# New Constant Screaming



## stephisme (Jan 29, 2011)

Hello,
I have a female adult cocktail who recently has started screaming all the time... I spend plenty of time with her, she's eating and drinking fine. 

She will even scream while totally covered and it's becoming an issue because we have tenants. I do not go to her while she's screaming unless it's to try and cover her. I am just going crazy because it's non stop. 

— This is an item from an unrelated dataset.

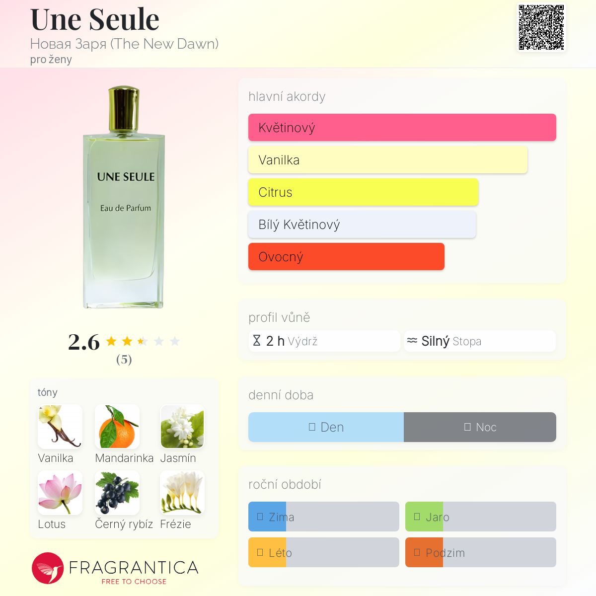 Une Seule podle Новая Заря (The New Dawn) je Floral Fruity vůně pro ženy. Vrchní tóny jsou Mandarinka a Černý rybíz; střední tóny jsouJasmín, Lotus, Frézie a Růže ; základní tóny jsou Vanilka a Cedr.

Is there any advice on how to stop this behavior or maybe why it started in the first place?

Thanks in advance!


----------



## roxy culver (May 27, 2010)

How old is she do you think? Hormones can cause a tiel to scream. You could try the hormone reduction techniques recommended here: http://talkcockatiels.com/showthread.php?t=32330


----------



## stephisme (Jan 29, 2011)

Thank's for the reply. 

I think she is about 9 years old... and has not laid eggs for a long time now. Does this mean it's not hormonal? 

Thank's again!


----------



## roxy culver (May 27, 2010)

It could still be hormonal and would be worth a shot to try. She may not be hormonal enough to lay eggs but may be just hormonal enough to scream. Hope that makes sense!


----------



## Loopy Lou (Jul 26, 2012)

Also, is there anything new in her environment or has her cage changed position? Birds can be very sensitive to anything that's new.

I had my cockatiel near the window and he screamed constantly until i realised he could see the shadows of wild birds outside and headlights from cars and it was freaking him out. Once i moved him and worked on behaviour he became tons better (only talking to him/rewarding him when he was quiet and ignoring him when screaming.)


----------